A nice way to delegate some processing of elements in a stream to an actor is to use ask. The back-pressure of the stream is maintained by the @scala[Future]@java[CompletionStage] of the ask and the mailbox of the actor will not be filled with more messages than the given parallelism of the ask operator (similarly to how the mapAsync operator works).

Scala : @@snip IntegrationDocSpec.scala { #ask }

Java : @@snip IntegrationDocTest.java { #ask }

Note that the messages received in the actor will be in the same order as the stream elements, i.e. the parallelism does not change the ordering of the messages. There is a performance advantage of using parallelism > 1 even though the actor will only process one message at a time because then there is already a message in the mailbox when the actor has completed previous message.

The actor must reply to the @scala[sender()]@java[getSender()] for each message from the stream. That reply will complete the @scala[Future]@java[CompletionStage] of the ask and it will be the element that is emitted downstreams.

In case the target actor is stopped, the operator will fail with an AskStageTargetActorTerminatedException

Scala : @@snip IntegrationDocSpec.scala { #ask-actor }

Java : @@snip IntegrationDocTest.java { #ask-actor }

The stream can be completed with failure by sending akka.actor.Status.Failure as reply from the actor.

If the ask fails due to timeout the stream will be completed with TimeoutException failure. If that is not desired outcome you can use recover on the ask @scala[Future]@java[CompletionStage], or use the other "restart" operators to restart it.

If you don't care about the reply values and only use them as back-pressure signals you can use Sink.ignore after the ask operator and then actor is effectively a sink of the stream.

Note that while you may implement the same concept using mapAsync, that style would not be aware of the actor terminating.

If you are intending to ask multiple actors by using @ref:Actor routers, then you should use mapAsyncUnordered and perform the ask manually in there, as the ordering of the replies is not important, since multiple actors are being asked concurrently to begin with, and no single actor is the one to be watched by the operator.

Sink.actorRefWithAck

@@@ note See also: @refSink.actorRefWithAck operator reference docs @@@

The sink sends the elements of the stream to the given ActorRef that sends back back-pressure signal. First element is always onInitMessage, then stream is waiting for the given acknowledgement message from the given actor which means that it is ready to process elements. It also requires the given acknowledgement message after each stream element to make back-pressure work.

If the target actor terminates the stream will be cancelled. When the stream is completed successfully the given onCompleteMessage will be sent to the destination actor. When the stream is completed with failure a akka.actor.Status.Failure message will be sent to the destination actor.
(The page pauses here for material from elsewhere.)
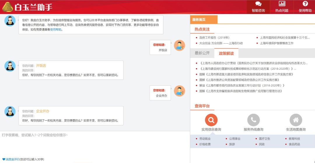 附:15个政府网站智能问答机器人地址与用户界面

Scala : @@snip IntegrationDocSpec.scala { #actorRefWithAck }

Java : @@snip IntegrationDocTest.java { #actorRefWithAck }

The receiving actor would then need to be implemented similar to the following:

Scala : @@snip IntegrationDocSpec.scala { #actorRefWithAck-actor }

Java : @@snip IntegrationDocTest.java { #actorRefWithAck-actor }

Note that replying to the sender of the elements (the "stream") is required as lack of those ack signals would be interpreted as back-pressure (as intended), and no new elements will be sent into the actor until it acknowledges some elements. Handling the other signals while is not required, however is a good practice, to see the state of the streams lifecycle in the connected actor as well. Technically it is also possible to use multiple sinks targeting the same actor, however it is not common practice to do so, and one should rather investigate using a Merge operator for this purpose.

@@@ note

Using Sink.actorRef or ordinary tell from a map or foreach operator means that there is no back-pressure signal from the destination actor, i.e. if the actor is not consuming the messages fast enough the mailbox of the actor will grow, unless you use a bounded mailbox with zero mailbox-push-timeout-time or use a rate limiting operator in front. It's often better to use Sink.actorRefWithAck or ask in mapAsync, though.

@@@

Source.queue

Source.queue is an improvement over Sink.actorRef, since it can provide backpressure. The offer method returns a @scala[Future]@java[CompletionStage], which completes with the result of the enqueue operation.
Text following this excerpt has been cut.